Non-tenant requests (dev.wikibot.io, bare wikibot.io, other domains) pass through unchanged.

### 2. `app/otterwiki/lambda_init.py` — Conditional multi-tenant wrapping

- `MULTI_TENANT=true` env var activates TenantResolver
- When active: skips single-tenant `_ensure_directories()`, wraps app with resolver
- When inactive: preserves existing single-tenant behavior
- `_build_tenant_resolver()` constructs all dependencies (PlatformJWT, UserModel, WikiModel, AclModel, AuthMiddleware, AclEnforcer)

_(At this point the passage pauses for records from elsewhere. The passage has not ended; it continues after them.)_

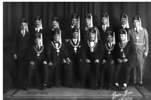
Santa Barbara AHEPA Chapter, 1929
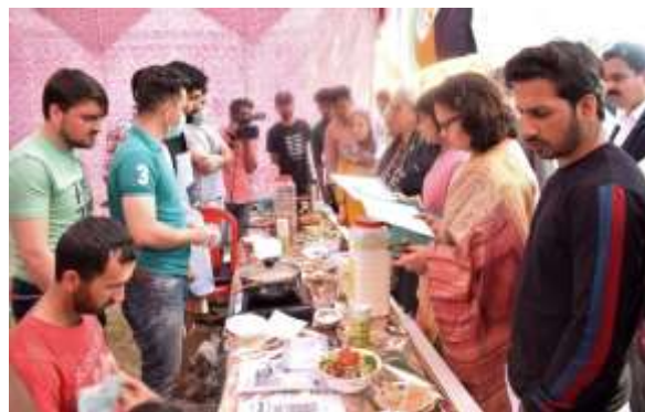
Judges inspecting Food Stalls

Some of the exclusive food items of this carnival was Hydrabadi Biryani, Kabuli Pulao, Bulani,
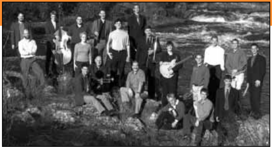
University of Wisconsin Eau-Claire Jazz Ensemble I
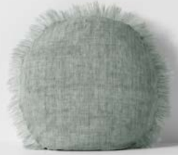
VINTAGE LINEN FRINGE ROUND CUSHION IN LIMESTONE $69.95
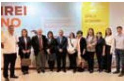
June 2023, Renewal of Memorial Day exhibition at the Japan-Peru Cultural Center

- We received a consultation from the Okinawa Kenjinkai in Peru and provided support, including information sharing and event assistance related to Irei no Hi (Okinawa Memorial Day).
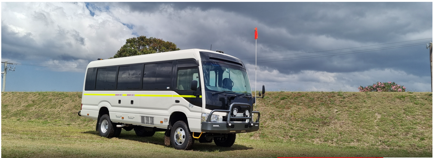
Pictured: Bus 4x4 Conversion of Mine Spec Toyota Coaster
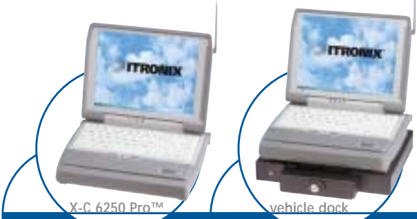
X-C 6250 Pro™
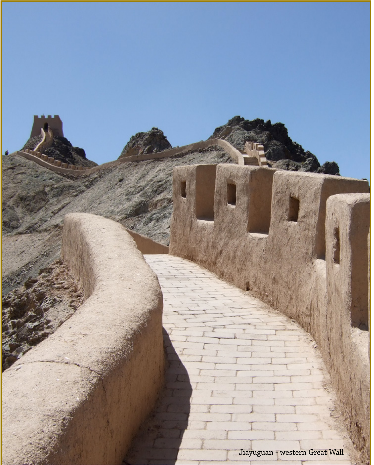
Jiayuguan - western Great Wall

### 3. `infra/__main__.py` — Infrastructure changes

- Moved DynamoDB component definition above otterwiki Lambda (dependency ordering)
- Added otterwiki Lambda env vars: `AUTH_METHOD`, `PLATFORM_MODE`, `MULTI_TENANT`, `USERS_TABLE`, `WIKIS_TABLE`, `ACLS_TABLE`, `JWT_PUBLIC_KEY`
- Removed: `READ_ACCESS`, `WRITE_ACCESS`, `ATTACHMENT_ACCESS` (resolver handles auth now)
- Added `otterwiki-dynamodb-policy` IAM role policy (GetItem, PutItem, UpdateItem, DeleteItem, Query, Scan on all 3 tables + GSIs)
- Added MCP Lambda env vars: `USERS_TABLE`, `WIKIS_TABLE`, `ACLS_TABLE`, `PLATFORM_DOMAIN`
- Added `mcp-dynamodb-policy` IAM role policy (read-only: GetItem, Query, Scan)
- Added `jwt_public_key` as pulumi config secret

### 4. `app/poc/mcp_server.py` — Multi-tenant MCP

- `_resolve_tenant_client(token)`: scans DynamoDB for wiki matching bearer token, constructs tenant-specific API URL (`https://{owner_id}.wikibot.io/{slug}`)
- `_get_client()` tries tenant resolution first, falls back to static `API_BASE_URL`
- WikiClient instances cached by `(owner_id, slug)` tuple

### 5. `tests/test_resolver.py` — 42 tests

- **Host parsing** (8): valid subdomain, UUID, dev passthrough, bare domain, different domain, empty, port stripping, case insensitivity
- **Wiki slug parsing** (6): slug+page, trailing slash, slug only, deep path, root, empty
- **JWT heuristic** (4): JWT format, bearer token, one dot, three dots
- **Error responses** (3): 404, 401, 403
- **Passthrough** (3): dev domain, bare domain, different domain
- **User lookup** (1): unknown user → 404
- **Wiki lookup** (2): unknown wiki → 404, missing slug → 400
- **Auth flows** (7): JWT+ACL, bearer token, anonymous public, anonymous private → 403, invalid JWT → 401, invalid bearer → 401, JWT no ACL → 403, malformed auth → 401
- **Path stripping** (5): page, root, slug-only, deep path, original preserved
- **Storage swap** (1): _swap_storage called with correct paths
- **Proxy headers** (1): headers injected in environ

## Design decisions

- **user_id as subdomain** (not username): avoids needing a new DynamoDB field/GSI. Pretty URLs deferred to Phase 3/4.
- **JWT vs bearer heuristic**: JWTs have exactly 2 dots (header.payload.signature), bearer tokens don't. Simple and reliable.
- **Storage caching**: GitStorage instances cached by repo path in module-level dict. Safe on Lambda (single concurrency).
- **`_swap_storage` mocked in tests**: otterwiki isn't importable in test env, so storage swap is mocked. The swap logic itself is straightforward module attribute assignment.